Here's how we'd do that.

"You Expect us to Just Walk out the Casino with Millions of Dollars on us?"

"You're looking at a Boeski, a Jim Brown, a Miss Daisy, two Jethros and a Leon Spinks, not to mention the biggest Ella Fitzgerald ever."

You're here because you're the best of the best. If you're feeling scared, feel free to back out now.

This tutorial assumes you have a Tableau Server instance, with a workbook published to a site within said instance. We're going to take a page out of that workbook and turn the raw data into a database table. FAIR WARNING: We're about to dive deep into the obscure world of the Tableau Server REST API. It's clunky, it's ugly, and it returns XML. Strap yourself in.

We're going to be working with 3 core endpoints. Let's walk through them, and I'll show you how to exploit said endpoints to create a ruthless data mining machine in Python.

'Tableau Authorization' Endpoint

Like all obnoxious (aka useful) APIs, we need to authorize each API call with a temporary token. Of course, we'll just have Python generate said token for every call we make.

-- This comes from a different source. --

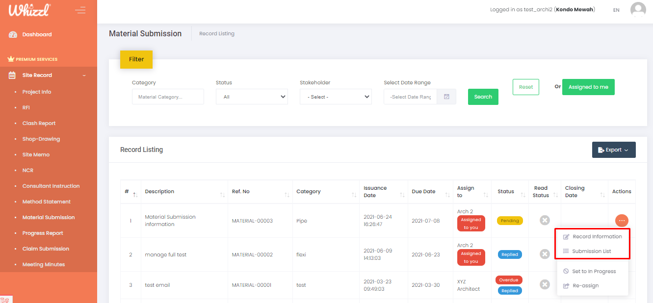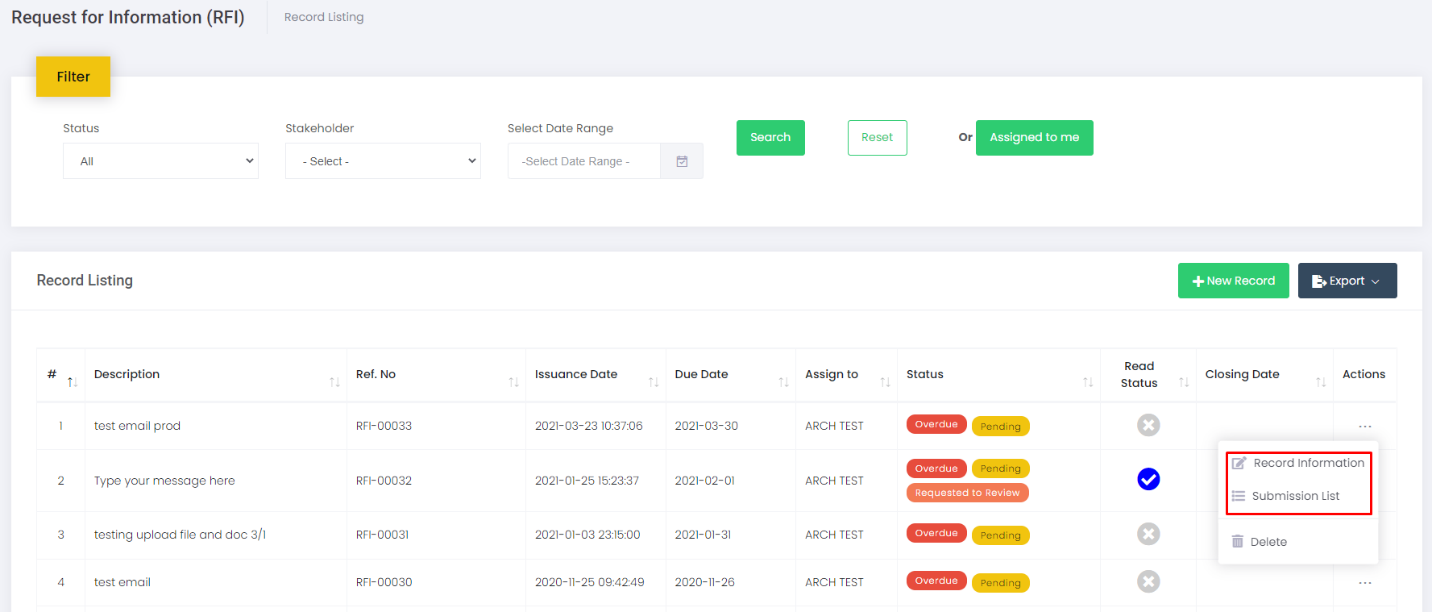 As Admin, you can review on each submission for each sub-module by clicking actions button “...” to view for record information or submission list.

POST: https://[MyTaleauServerURL]/api/3.0/auth/signin

Tableau Auth URL

Hitting this endpoint successfully will result in an XML response (ugh). The response should look something like this:

<?xml version='1.0' encoding='UTF-8'?>
<tsResponse xmlns="https://tableau.com/api" xmlns:xsi="https://www.w3.org/2001/XMLSchema-instance" xsi:schemaLocation="https://tableau.com/api https://tableau.com/api/ts-api-3.0.xsd">
    <credentials token="KBIuvu6FTViuyivuTUR^yfvgTUycvjGubgc">
        <site id="09Hiugv-345-45d0-b48b-34543giuyvg" contentUrl="hackers"/>
        <user id="Uohiiyu-3455-8675-9b42-bugvdr876gv"/>
    </credentials>
</tsResponse>

Successful auth response

There are a number of things going on here that we should take note of. The first being a marvel of modern technology: this is perhaps the shittiest response to a token API call in modern history. Other than that, we need two things from this response:

The token is required for every API call from here on out. It is intended to be passed as a header value with the key X-Tableau-Auth.
The site ID is what we'll be using to look up the location of our workbooks in our server instance. This is added to the URL of future API calls (again, impressively shitty design here).

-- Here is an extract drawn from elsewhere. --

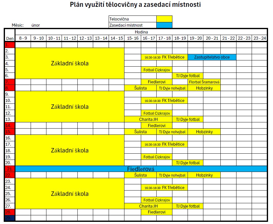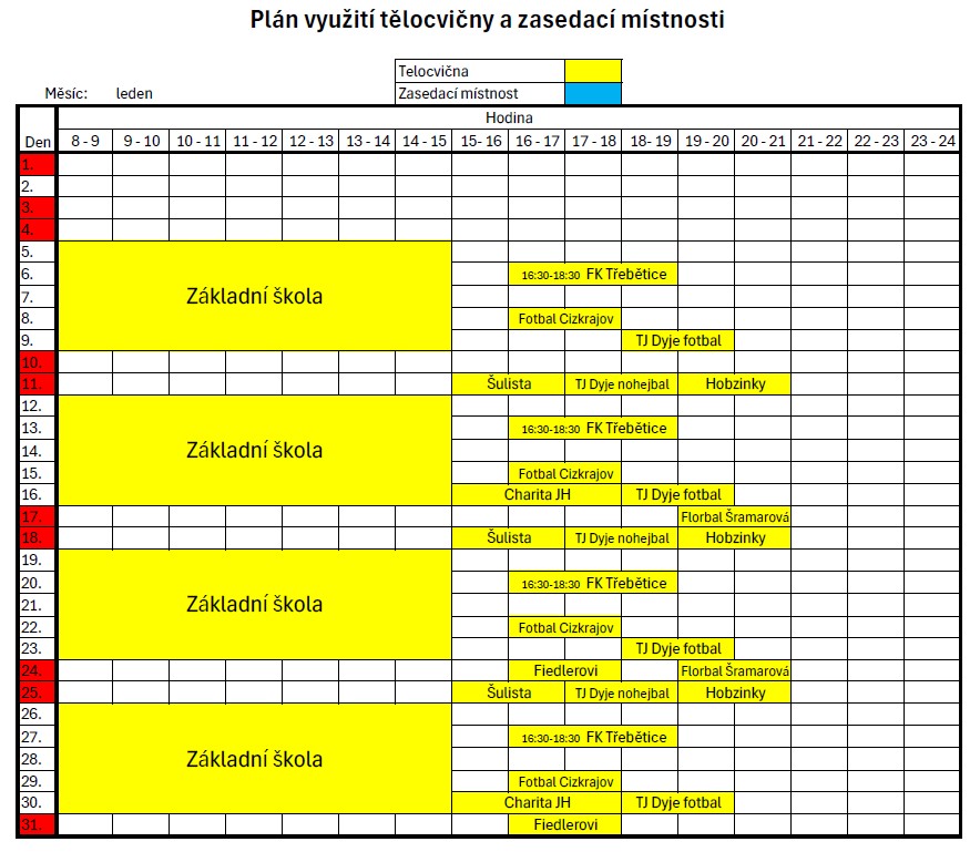 Rozpis obsazení tělocvičny v měsíci leden a únor 2026.

'List All Views by Site' Endpoint

There are actually a number of methods we could use to retrieve views, but we're specifically settling on listing our views by 'site,' in the Tableau sense of the word. If you're unfamiliar, a Tableau site is not a site at all: it's more of project within a greater Tableau instance. They probably should've named them that.

GET: https://[MyTaleauServerURL]/api/3.0/sites/[MySiteID]/views

Views endpoint

As mentioned, we use the site ID from step 1 to construct this endpoint. In my particular instance, I've only saved a single workbook for simplicity's sake. The response for such a case is as follows:

<?xml version='1.0' encoding='UTF-8'?>
<tsResponse xmlns="https://tableau.com/api" xmlns:xsi="https://www.w3.org/2001/XMLSchema-instance" xsi:schemaLocation="https://tableau.com/api https://tableau.com/api/ts-api-3.0.xsd">
    <pagination pageNumber="1" pageSize="100" totalAvailable="1"/>
    <views>
        <view id="9a4a1de9-b7af-4a4a-8556-fd5ac82f92bd" name="Jira" contentUrl="JiraIssues/sheets/Jira" createdAt="2018-12-21T09:11:39Z" updatedAt="2018-12-21T09:11:39Z">
            <workbook id="208a0c4e-e1d9-4852-9d19-7a2fe2717191"/>
            <owner id="Uohiiyu-3455-8675-9b42-bugvdr876gv"/>
            <project id="4d1ca337-20b4-442c-aa7b-1dfd470b68bd"/>
            <tags/>
        </view>
    </views>
</tsResponse>

Views response

Check out the views node: when we make this API call, <views> will contain a list of every view saved to the specified site. Keep in mind that a view is equivalent to a "sheet" of a workbook: in almost any case, you will have many views listed here.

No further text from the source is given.